|Speaker :||Ravi Mazumdar|
|University of Waterloo|
|Time:||2:00 pm - 3:00 pm|
|Location:||LINCS Seminars room|
In many applications such as cloud computing, managing server farm resources etc. an incoming task or job has to be matched with an appropriate server in order to minimise the latency associated with the processing. Ideally the best choice would be to match a job to the fastest available server. However when there are thousands of servers requiring the information on all server tasks is an overkill.
Pioneered in the 1990’s the idea of randomised sampling of a few servers was proposed by Vve- denskaya and Dobrushin in Russia and Mitzmenmacher in the US and popularised as the “power of two” schemes which basically means that sampling two servers randomly and sending the job to the “better” server (i.e. with the shortest queue, or most resources) provides most of the benefits of sampling all the servers.
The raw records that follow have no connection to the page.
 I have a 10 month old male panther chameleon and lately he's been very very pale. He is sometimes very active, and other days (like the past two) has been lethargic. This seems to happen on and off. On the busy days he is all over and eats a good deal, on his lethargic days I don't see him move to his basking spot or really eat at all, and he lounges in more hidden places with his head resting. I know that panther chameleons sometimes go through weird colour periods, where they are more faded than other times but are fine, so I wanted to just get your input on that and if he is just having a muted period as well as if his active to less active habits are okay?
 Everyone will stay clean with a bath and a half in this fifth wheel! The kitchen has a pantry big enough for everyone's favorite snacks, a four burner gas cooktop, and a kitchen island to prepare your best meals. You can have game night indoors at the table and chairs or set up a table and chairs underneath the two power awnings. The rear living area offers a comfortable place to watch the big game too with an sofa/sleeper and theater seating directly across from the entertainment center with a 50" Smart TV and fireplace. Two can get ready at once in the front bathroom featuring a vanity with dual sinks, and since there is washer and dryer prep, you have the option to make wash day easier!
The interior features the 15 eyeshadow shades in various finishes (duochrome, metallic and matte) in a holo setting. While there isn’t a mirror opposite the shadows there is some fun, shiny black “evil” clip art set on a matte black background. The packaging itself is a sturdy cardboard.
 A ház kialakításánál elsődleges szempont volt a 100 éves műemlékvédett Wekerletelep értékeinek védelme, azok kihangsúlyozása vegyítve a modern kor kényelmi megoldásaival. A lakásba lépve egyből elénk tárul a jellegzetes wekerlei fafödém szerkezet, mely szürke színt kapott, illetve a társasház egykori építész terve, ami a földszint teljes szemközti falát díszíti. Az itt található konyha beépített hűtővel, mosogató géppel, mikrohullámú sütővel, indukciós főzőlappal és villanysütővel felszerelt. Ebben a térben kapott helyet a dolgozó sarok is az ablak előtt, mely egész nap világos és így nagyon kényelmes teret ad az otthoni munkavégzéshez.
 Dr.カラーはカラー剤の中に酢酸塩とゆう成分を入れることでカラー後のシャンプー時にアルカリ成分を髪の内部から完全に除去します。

In the talk I will discuss multi-server processor sharing models under power-of-d routing scheme when service time distributions are general with finite mean. Previous works on these models as- sume that the service times are exponentially distributed and insensitivity was suggested through simulations. Showing insensitivity to service time distributions has remained an open problem. The difficulty is that for general service times the underlying Markovian model is more complex. Indeed it can be viewed as a Markov process on Z+ × R?+ . Using a measure valued process approach we first derive the hydrodynamic limit or mean field equation (MFE) for the empirical measure. The MFE is now characterized by a pde whose stationary point coincides with the fixed point in the case with exponential service times. This establishes the insensitivity of the fixed point. The techniques developed in this paper are applicable to study mean field limits for Markov processes on general state spaces and insensitivity properties of other queueing models.
This is joint work with Thirupathiah Vasantam (UW) and Arpan Mukhopadhyay (EPFL).